◆ **Provided data**:
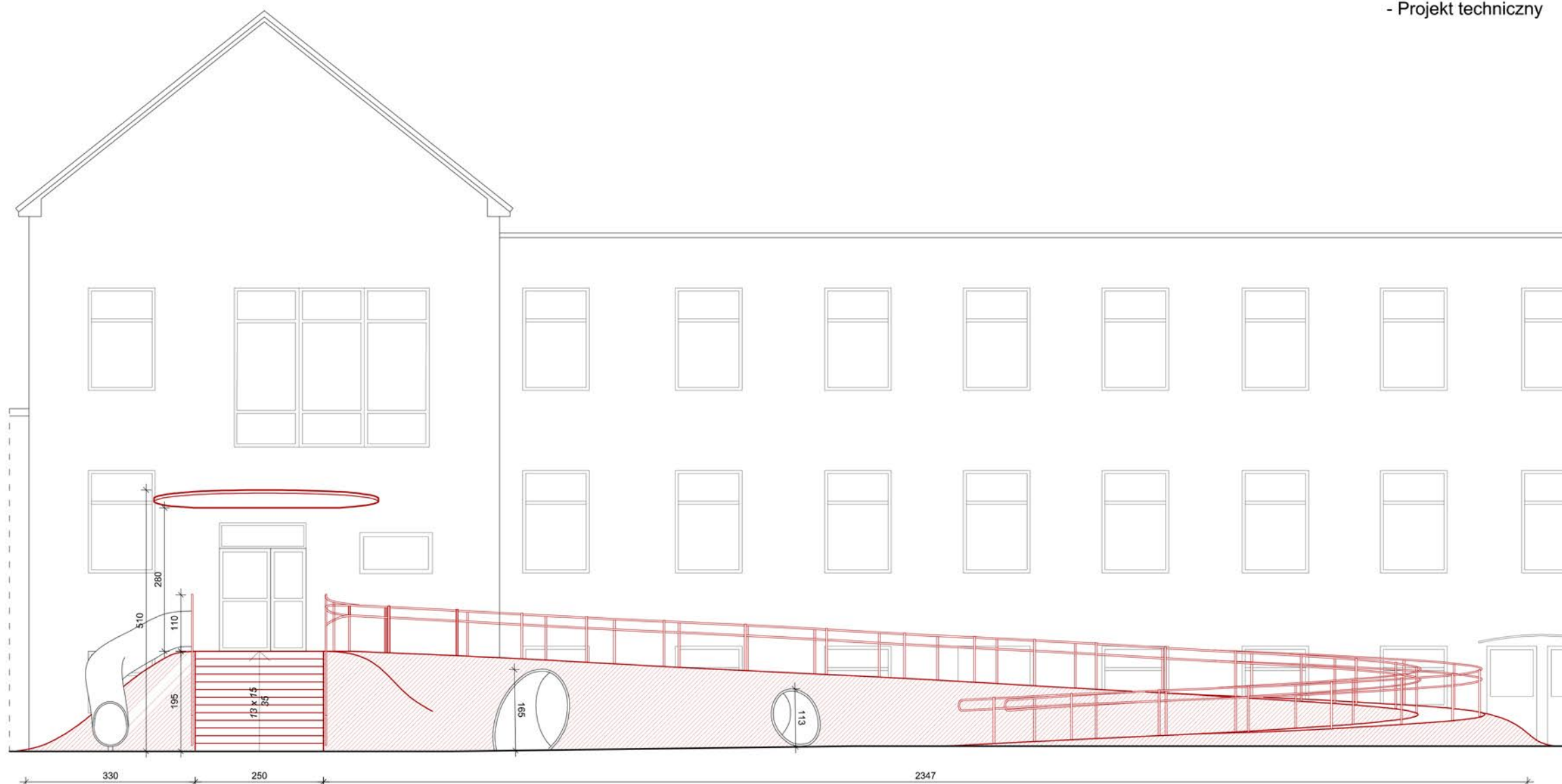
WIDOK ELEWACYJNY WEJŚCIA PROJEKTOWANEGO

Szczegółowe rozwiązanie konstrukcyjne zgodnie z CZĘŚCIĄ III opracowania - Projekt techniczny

...

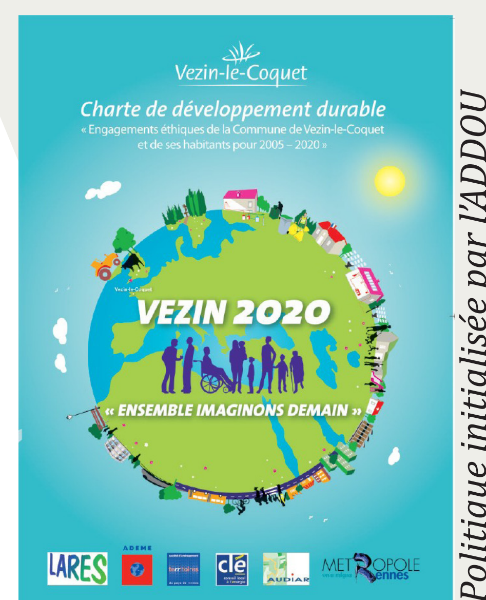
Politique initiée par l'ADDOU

==

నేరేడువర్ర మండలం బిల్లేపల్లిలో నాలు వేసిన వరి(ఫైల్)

◆ **What to work on**:
Starting with the line with "WIDOK ELEWACYJNY WEJŚCIA PROJEKTOWANEGO" above and going on through the line with "Szczegółowe rozwiązanie konstrukcyjne", transcribe every line exactly, both ends included, and add nothing.

◆ **Final answer**:
WIDOK ELEWACYJNY WEJŚCIA PROJEKTOWANEGO

Szczegółowe rozwiązanie konstrukcyjne zgodnie z CZĘŚCIĄ III opracowania - Projekt techniczny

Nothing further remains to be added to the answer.